Les vidéos d'Adeline est le site d'une créatrice, qui publie ses propres vidéos : un espace gratuit accessible sans abonnement, un catalogue annoncé d'environ mille cent cinquante vidéos, l'adresse postale de l'éditeur affichée, et des pages de conditions, de politique contre la traite et de signalement de contenu. Le relevé l'a lu sur pièces, le jour de la lecture, avec la grille de ce site. Rien n'a été regardé au-delà de ce que l'accueil montre, et rien n'a été souscrit.
Le test porte sur un site d'un type que la rubrique ne compte qu'une fois : un catalogue de vidéos à deux niveaux, l'un ouvert, l'autre payant. La grille lit le niveau ouvert ; le relevé dit où passe la frontière.
Trois points favorables
L'accès à l'espace gratuit ne demande aucune inscription, et c'est ce que la grille enregistre. La permanence est déclarée, contenu accessible en continu. Le mode est nommé, gratuit et abonnement, ce qui vaut le quatrième point : la grille reconnaît un abonnement quand il est écrit, et il l'est.
Deux points en retrait
Le montant est noté « Partiel » : la mention relevée nomme deux modes, espace gratuit et abonnement payant, sans chiffre. Le prix de l'abonnement ne se lit pas à l'accueil, et un visiteur qui voudrait savoir ce que coûte le second niveau doit aller le chercher.

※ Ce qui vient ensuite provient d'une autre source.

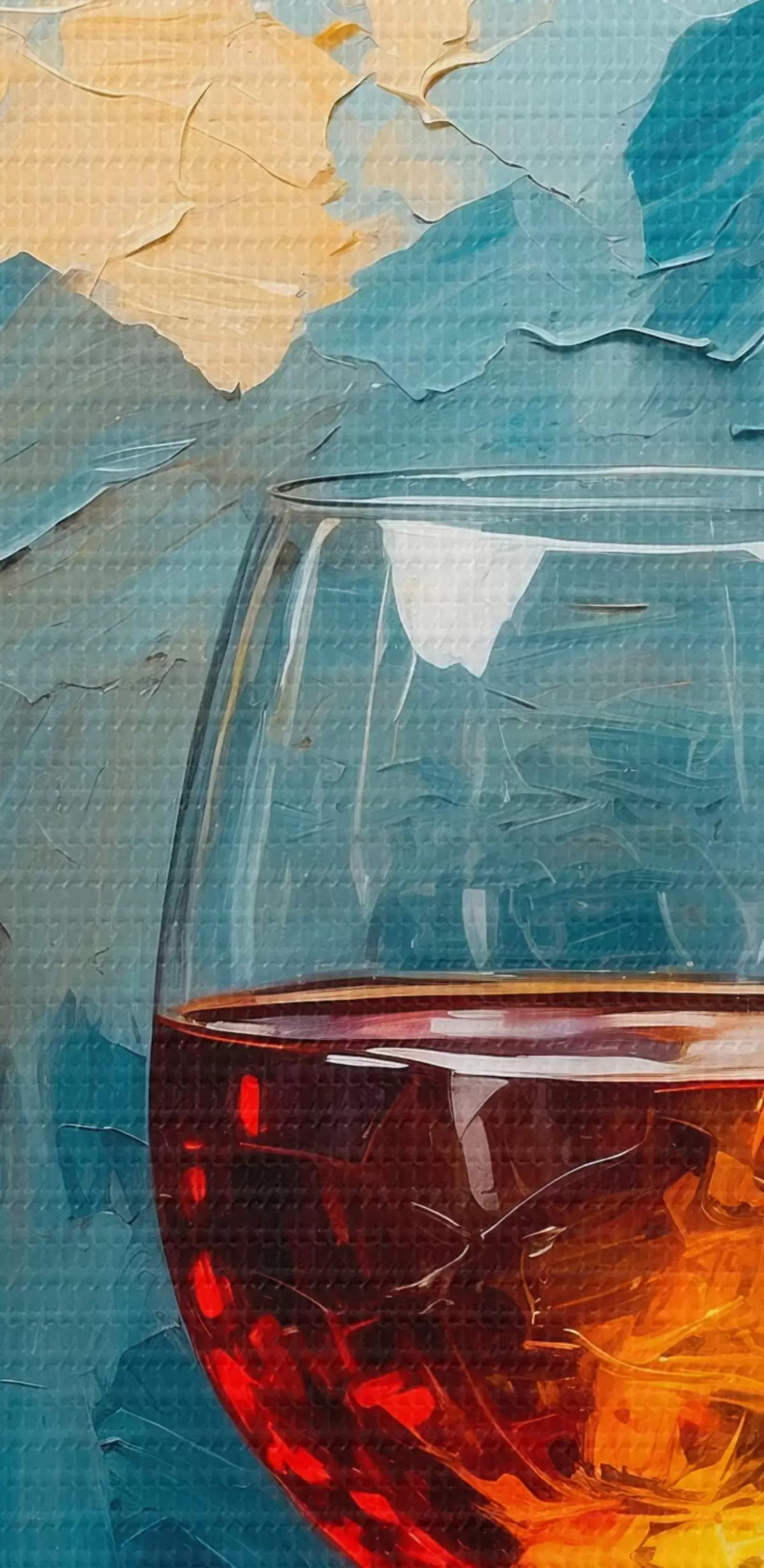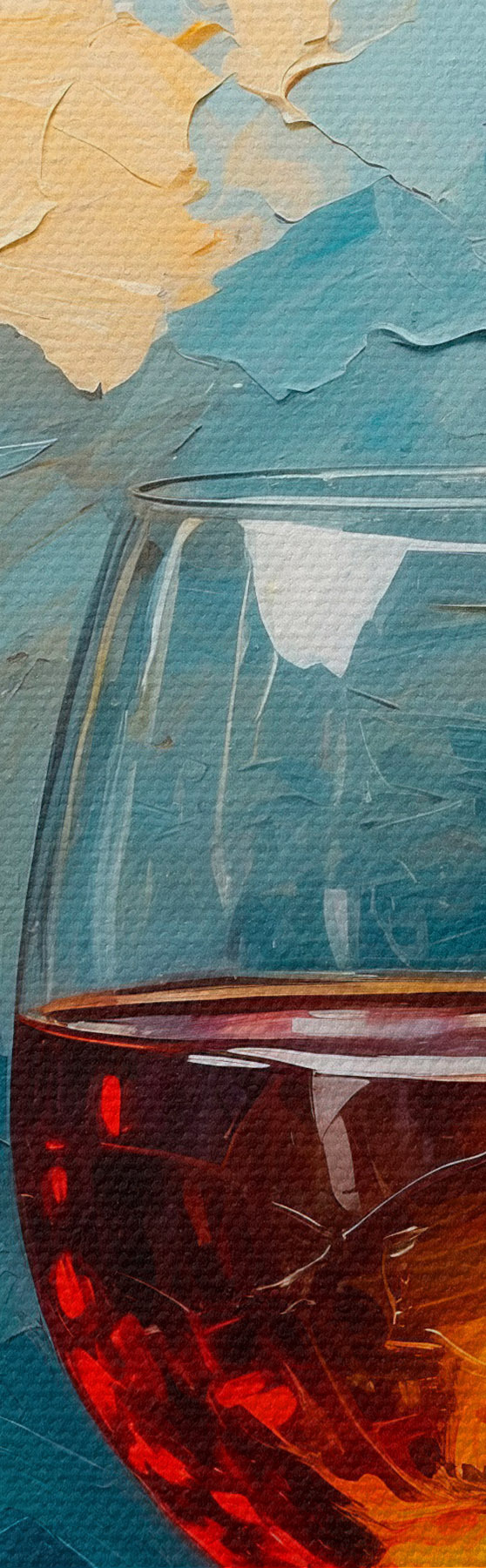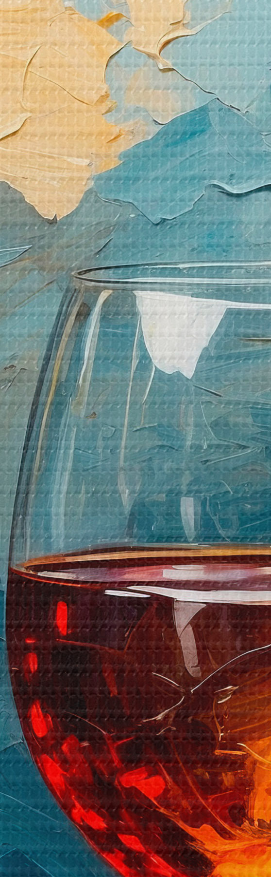murales Uvas, copa y botella de vino sobre fondo acrílico abstracto s42772

C'est la réserve que la grille produit, et elle est fondée.
La richesse d'information est notée « Limité » : aucune page complémentaire n'a été relevée comme page de fond. Le site est un catalogue ; ses pages sont des vidéos, pas des textes, et la grille ne compte pas les vidéos.
Ce que la grille ne voit pas
Trois choses, toutes en faveur du site. L'adresse postale de l'éditeur est affichée, ce qu'aucun autre site de la rubrique ne fait : un lecteur sait où écrire, au sens propre. Les conditions d'utilisation, une politique contre la traite et une procédure de signalement sont accessibles ; pour un site qui publie des vidéos d'une personne, ce sont les trois pages qui comptent, et elles sont là. Et l'espace gratuit existe réellement, sans abonnement, ce qui permet de voir avant de payer.
Le relevé tient l'adresse postale pour la déclaration la plus engageante du site : une ligne à numéro spécial se cache derrière un opérateur, un blog derrière un pseudonyme ; ici, un lieu est écrit, et c'est vers lui qu'un lecteur mécontent peut se tourner.
Les deux réserves
La première est la frontière : l'essentiel du catalogue est réservé aux abonnés. L'espace gratuit est une porte, pas une salle, et le relevé le dit pour qu'un visiteur ne s'attende pas à mille vidéos sans payer ; il tient cette frontière pour une donnée, pas pour un reproche. La seconde est de nature : tout le contenu dépend d'une seule créatrice. C'est ce qui fait le site, et c'est aussi ce qui le borne ; un visiteur qui cherche autre chose que cette personne n'a rien à faire ici, et la page ne prétend pas le contraire.
Ce qui ferait bouger la lecture
Un prix d'abonnement écrit à l'accueil ferait passer le deuxième point et changerait la lecture plus que tout ajout de vidéo. Le relevé le regardera en premier à la prochaine lecture, avec les trois pages de conditions, pour vérifier qu'elles sont toujours là.
Sur la rubrique, ce site est le seul catalogue de vidéos et le seul à afficher une adresse postale ; il partage avec la plupart des fiches l'absence de montant à l'accueil, et il est le seul à fonctionner sur deux niveaux, l'un ouvert, l'autre payant.